Interrupts/sec This counter contains the average number of device interrupts the processor experiences per second. A device interrupts the processor when it has completed a task or when it otherwise requires attention. Devices that may generate interrupts include the system timer, the mouse, data communication lines, network interface cards, and other peripheral devices. Normal thread execution is suspended during interrupts, and an interrupt may cause the processor to switch to another, higher priority thread. Clock interrupts are frequent and periodic and create a background of interrupt activity.

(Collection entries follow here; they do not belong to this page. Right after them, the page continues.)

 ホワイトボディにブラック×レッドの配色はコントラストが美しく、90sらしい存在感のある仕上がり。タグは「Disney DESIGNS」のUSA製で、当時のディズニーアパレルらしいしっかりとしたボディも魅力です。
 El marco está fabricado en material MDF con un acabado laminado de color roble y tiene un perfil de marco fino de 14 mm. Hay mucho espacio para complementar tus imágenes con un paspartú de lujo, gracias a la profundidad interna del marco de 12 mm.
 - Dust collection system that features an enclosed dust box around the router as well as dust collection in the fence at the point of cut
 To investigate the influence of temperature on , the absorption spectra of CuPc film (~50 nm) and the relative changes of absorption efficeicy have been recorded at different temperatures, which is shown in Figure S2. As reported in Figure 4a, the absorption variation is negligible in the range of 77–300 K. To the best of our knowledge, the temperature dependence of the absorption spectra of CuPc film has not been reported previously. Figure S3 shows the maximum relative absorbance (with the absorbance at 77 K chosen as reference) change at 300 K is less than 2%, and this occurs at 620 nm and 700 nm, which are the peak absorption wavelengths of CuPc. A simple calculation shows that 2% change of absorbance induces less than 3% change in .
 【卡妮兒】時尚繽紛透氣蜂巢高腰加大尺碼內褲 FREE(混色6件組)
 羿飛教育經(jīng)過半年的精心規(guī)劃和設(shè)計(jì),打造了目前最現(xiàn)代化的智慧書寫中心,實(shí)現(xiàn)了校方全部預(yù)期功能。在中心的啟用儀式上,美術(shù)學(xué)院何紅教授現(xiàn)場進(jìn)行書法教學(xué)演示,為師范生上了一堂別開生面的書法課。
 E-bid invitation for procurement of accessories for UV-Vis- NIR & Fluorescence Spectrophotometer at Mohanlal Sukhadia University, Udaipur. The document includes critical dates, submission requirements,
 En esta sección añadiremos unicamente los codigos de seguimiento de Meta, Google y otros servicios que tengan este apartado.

Not all of these counters are required to conduct a capacity planning study—the counters you select will be determined by the depth of the study you are conducting. At the very least, the % Processor Time counter should be used.

Collecting Usage Data for Multiple CPUs

You can also retrieve system-averaged data for multiple CPUs via Performance Monitor. Use the System object, which includes the following counters, among others:

% Total Processor Time Sum of the % Processor Times for each processor divided by the number of processors in the system.
% Total Privileged Time Sum of the % Privileged Times for each processor divided by the number of processors in the system.
% Total User Time Sum of the % User Times for each processor divided by the number of processors in the system.
% Total Interrupt Time Sum of the % Interrupt Times for each processor divided by the number of processors in the system.
Total Interrupts/sec Average number of device interrupts that the processors experience per second. This counter provides an indication of how busy system devices are on a computer-wide basis.

Analyzing CPU Data

The data you obtain using these counters can be used to predict rises in a specific CPU's utilization and therefore increased response times from that CPU. Figure 66 shows CPU utilization over time. Notice that the utilization trend for the CPU is rising; it will reach the 75 percent threshold by February 18, 2000.

click to view at full size.

Figure 6-6. Linear CPU utilization predictive analysis.

NOTE
The more data points you collect, the more accurate your prediction.